These give excellent initial overviews of the relationship between continuous variables in datasets with relatively small numbers of variables.

1.1 Example: Fisher’s iris data

The iris data contains 50 plants for each species, and measurements for four attributes of each of the plants. A scatterplot matrix shows all \(\binom{4}{2}\) possible scatterplots:

We use the pairs function to draw a scatterplot matrix. The pairs function can be customised in the same way as other plots.

data(iris)
pairs(iris[,4:1], pch=16)

  • We’ve seen the plot of Petal Width vs Petal Length before!
  • The scatterplot matrix includes all the other possible scatterplots too.
  • We can see the group structure due to the iris species is evident on all the variables, to varying degrees.
  • The nature and strength of the relationships between the pairs of variables differ substantially. The relationship is quite strong and clear between the petal measurements, but less obvious between the sepal measurements.
  • Note: The plots below the diagonal are just a reflection of those above.

We can also produce the boxplots for all variables in a data set.

boxplot(iris[,4:1])

pairs(iris[,4:1], pch=16)

Boxplots are effective for getting an overview of major differences between variables - particularly in terms of their location (position vertically) and scale (length of the boxplot). However, boxplots are too simple to show whether a variable splits into different modes or groups. Boxplots are also fundamentally a 1-dimensional graphic - they cannot detect or display whether the variables are related.

Conversely, the scatterplot matrix exposes a great deal of the structure of the data, and makes relationships clear. Patterns, trends, and groups emerge quite easily and can be easily spotted by eye. But it is not as effective for comparing scales and locations - we still need the boxplots, even if they are limited!

As with regular scatterplots, we can indicate groups in the data, such as the iris species, through the use of colour:

pairs(iris[,4:1],pch=16,col=c('#f8766d','#00ba38','#619cff')[iris$Species])

Here we have all of the \(\binom{4}{2}\) possible scatterplots of the iris variables against each other. Note: The plots below the diagonal are just a reflection of those above, so there is an element of redundancy in the information being presented.

We can now clearly see that group structure due to the different species is evident on all the variables, to varying degrees.

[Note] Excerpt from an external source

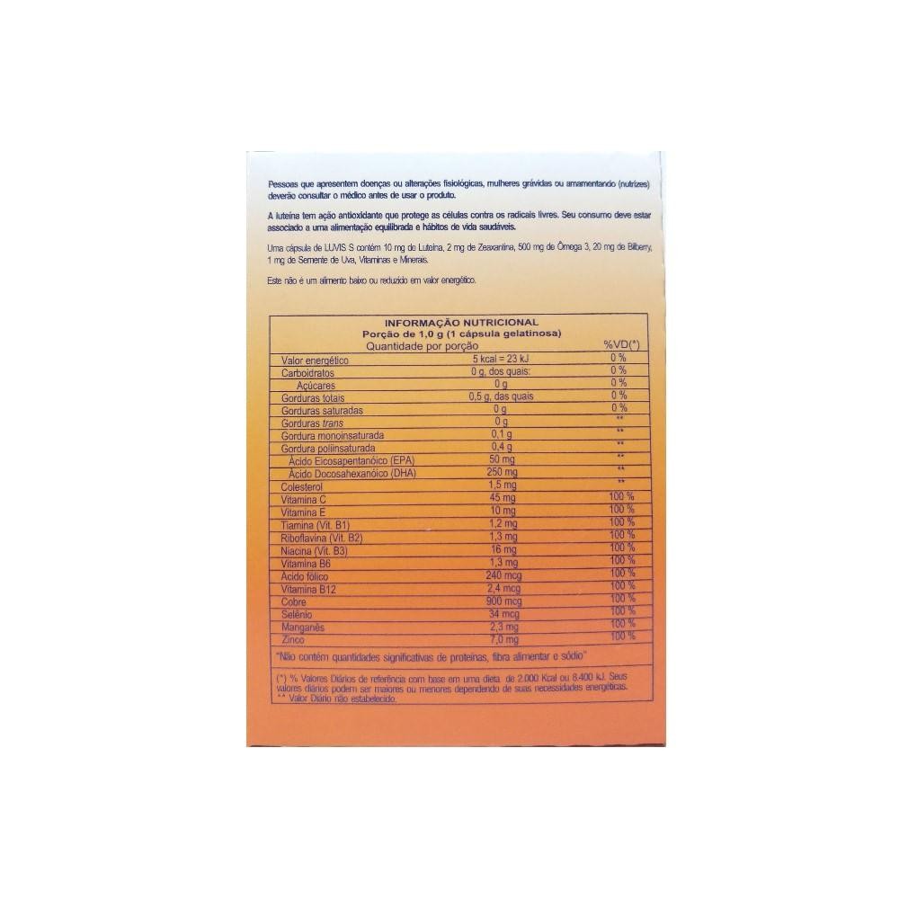 O Luvis é um suplemento vitamínico que auxilia na prevenção e redução do risco de progressão da Degeneração Macular Relacionada à Idade (DMRI), uma das principais causas da perda da visão após os 60 anos. Sua fórmula combina Luteína 10mg, Zeaxantina 2mg, Ômega 3, Bilberry, Semente de Uva, Vitaminas e Minerais, componentes essenciais que auxiliam no fortalecimento da saúde dos olhos, mantendo a visão saudável.
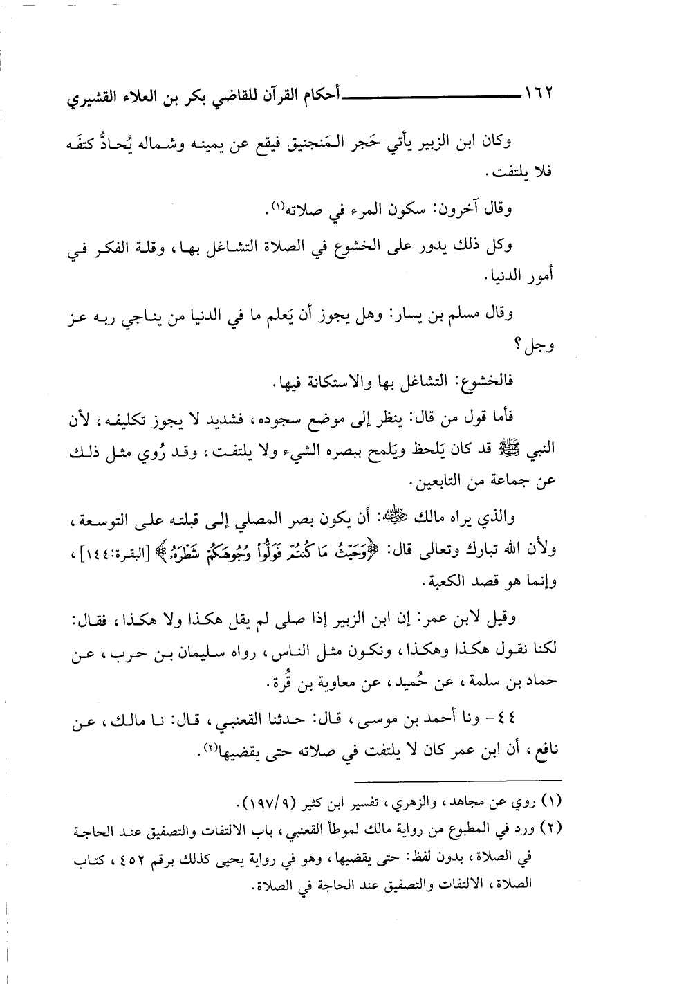 ٤٤ - ونا أحمد بن موسى، قال: حدثنا القعنبي، قال: نا مالك، عن نافع، أن ابن عمر كان لا يلتفت في صلاته حتى يقضيها (¬٢).

However, it is also apparent that the nature and strength of the relationships between the pairs of variables differ substantially. For example, Sepal Length does not appear to be associated with Petal Length for the setosa irises (red), as the points lie in a flat clump - however the other two species do display an association with longer petals associated with longer sepals.

For any pair of continuous variables, we can quantify the strength of the linear association by the correlation coefficient. For a collection of variables, we can compute all of the correletion coefficients between every pair of variables in much the same way:

data(iris)
cor(iris[,-5])
##              Sepal.Length Sepal.Width Petal.Length Petal.Width
## Sepal.Length    1.0000000  -0.1175698    0.8717538   0.8179411
## Sepal.Width    -0.1175698   1.0000000   -0.4284401  -0.3661259
## Petal.Length    0.8717538  -0.4284401    1.0000000   0.9628654
## Petal.Width     0.8179411  -0.3661259    0.9628654   1.0000000

The output is now a matrix of correlations, with a similar layout to the scatterplot matrix. For example, we see that (overall) Sepal Length and Sepal Width have a weak negative correlation, but Petal Length and Petal Width have a high positive correlation.

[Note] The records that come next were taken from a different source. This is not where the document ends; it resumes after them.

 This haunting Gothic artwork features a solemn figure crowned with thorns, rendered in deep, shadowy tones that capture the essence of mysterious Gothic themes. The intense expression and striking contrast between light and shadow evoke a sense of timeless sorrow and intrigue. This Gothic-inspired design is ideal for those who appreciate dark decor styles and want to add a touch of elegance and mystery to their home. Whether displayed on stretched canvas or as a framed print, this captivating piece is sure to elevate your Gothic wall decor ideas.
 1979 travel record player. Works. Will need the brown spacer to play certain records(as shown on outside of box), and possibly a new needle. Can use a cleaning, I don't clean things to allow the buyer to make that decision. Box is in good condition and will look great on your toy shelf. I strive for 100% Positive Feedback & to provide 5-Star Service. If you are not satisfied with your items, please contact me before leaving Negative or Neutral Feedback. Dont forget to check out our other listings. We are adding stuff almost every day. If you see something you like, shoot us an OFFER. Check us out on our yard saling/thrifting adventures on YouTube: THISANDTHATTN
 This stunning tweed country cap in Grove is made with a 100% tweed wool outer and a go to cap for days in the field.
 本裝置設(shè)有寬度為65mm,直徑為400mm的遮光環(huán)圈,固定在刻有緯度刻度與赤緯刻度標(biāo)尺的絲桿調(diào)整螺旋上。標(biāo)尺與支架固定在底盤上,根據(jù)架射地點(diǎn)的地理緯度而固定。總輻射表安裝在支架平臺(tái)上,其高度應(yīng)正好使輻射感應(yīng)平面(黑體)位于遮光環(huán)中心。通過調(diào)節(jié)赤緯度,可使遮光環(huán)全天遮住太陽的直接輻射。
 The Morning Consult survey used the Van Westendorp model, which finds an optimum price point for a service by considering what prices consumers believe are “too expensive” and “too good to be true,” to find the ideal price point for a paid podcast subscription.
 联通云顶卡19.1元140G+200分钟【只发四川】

As the number of variables increases, it becomes more difficult to easily read and absorb a matrix of correlations such as this. A simple visualisation of the matrix known as a corrplot can prove very effective:

library(corrplot)
corrplot(cor(iris[,-5]))

The layout of the plot is as before, but rather than showing numerical values we indicate individual correlations by circles. The size of circle and strength of colour indicates the magnitude of the correlation, with larger circles filled with darker colour corresponding to stronger correlations and weaker correlations being smaller and paler. The direction of the correlation is indicate by the colour, with blue representing positive correlation, red representing negative correlation and white indicating no correlation. We can now easily identify the strongly correlated variables now, as well as those which appear uncorrelated (eg Sepal Width and Sepal Length).

Note that given the group structure of these data is so important, a next step would be to repeat these calculations for each group separately.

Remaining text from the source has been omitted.